Excerpted data -

[Start of Attachment]

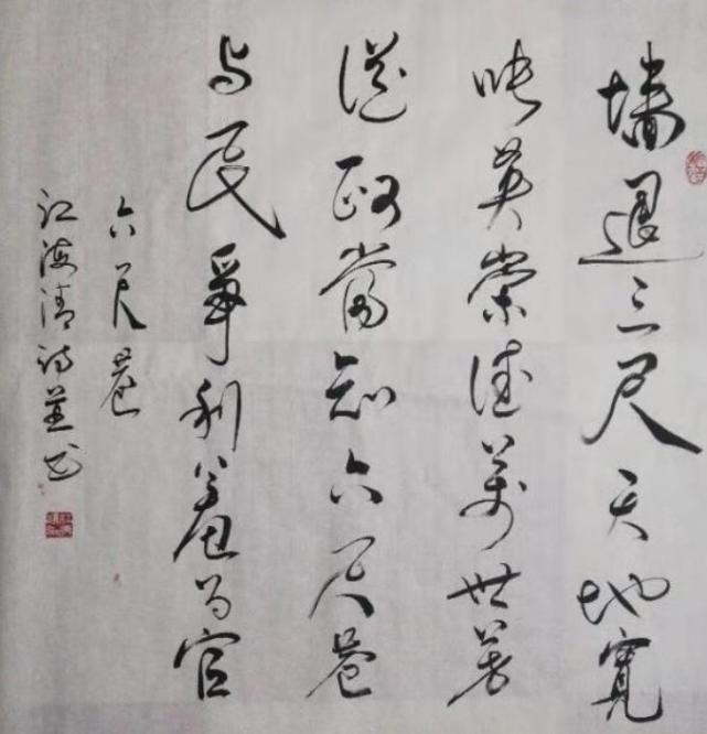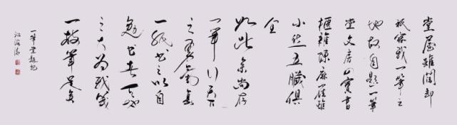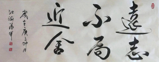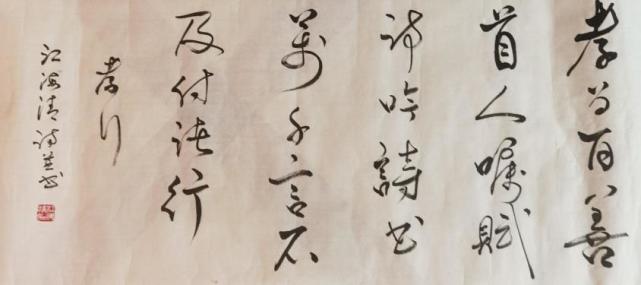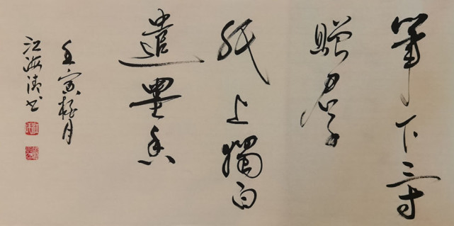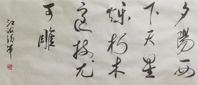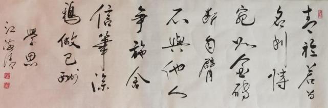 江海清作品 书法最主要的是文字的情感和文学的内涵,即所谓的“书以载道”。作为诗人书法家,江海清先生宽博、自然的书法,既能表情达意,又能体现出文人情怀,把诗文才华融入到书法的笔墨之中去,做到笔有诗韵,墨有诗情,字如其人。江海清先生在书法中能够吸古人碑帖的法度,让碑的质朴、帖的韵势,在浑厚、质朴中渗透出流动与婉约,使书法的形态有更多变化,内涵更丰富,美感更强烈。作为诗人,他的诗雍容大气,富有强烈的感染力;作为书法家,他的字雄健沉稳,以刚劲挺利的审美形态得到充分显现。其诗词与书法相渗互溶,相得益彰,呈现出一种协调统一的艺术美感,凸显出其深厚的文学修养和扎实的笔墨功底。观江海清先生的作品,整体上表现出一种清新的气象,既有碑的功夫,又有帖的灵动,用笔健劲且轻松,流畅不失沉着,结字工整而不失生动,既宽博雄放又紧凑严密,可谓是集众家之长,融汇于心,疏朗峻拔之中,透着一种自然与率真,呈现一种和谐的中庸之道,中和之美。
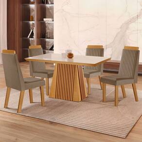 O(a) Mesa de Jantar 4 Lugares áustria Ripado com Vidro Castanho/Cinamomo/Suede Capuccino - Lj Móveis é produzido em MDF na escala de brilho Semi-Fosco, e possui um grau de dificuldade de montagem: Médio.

[End of Attachment]
[Start of Attachment]

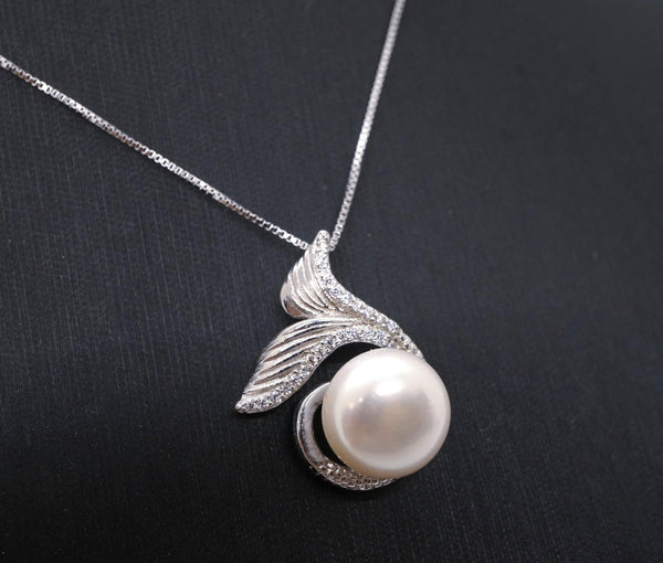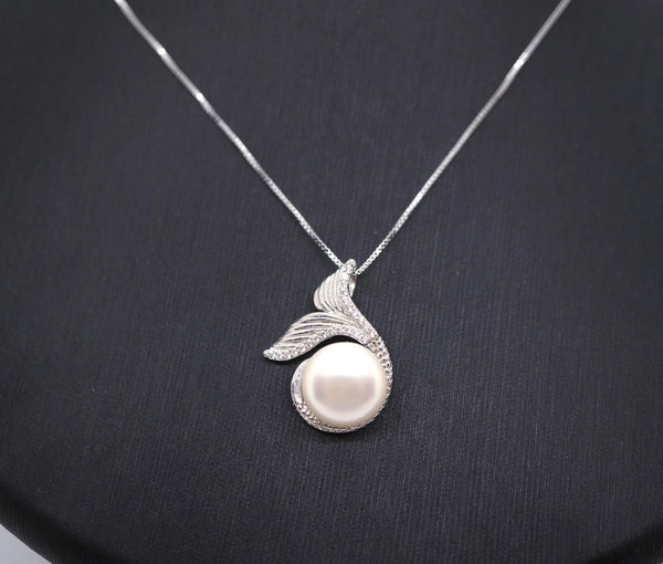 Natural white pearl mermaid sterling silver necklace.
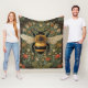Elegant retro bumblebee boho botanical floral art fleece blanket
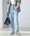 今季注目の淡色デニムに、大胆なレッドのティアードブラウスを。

[End of Attachment]

Assigned task - Take only the lines above from the one that has "Elegant retro bumblebee" through the one that has "今季注目の淡色デニムに、大胆なレッドのティアードブラウスを。" and reproduce them exactly, omitting any pictures.

Answer to the exercise -
Elegant retro bumblebee boho botanical floral art fleece blanket
 今季注目の淡色デニムに、大胆なレッドのティアードブラウスを。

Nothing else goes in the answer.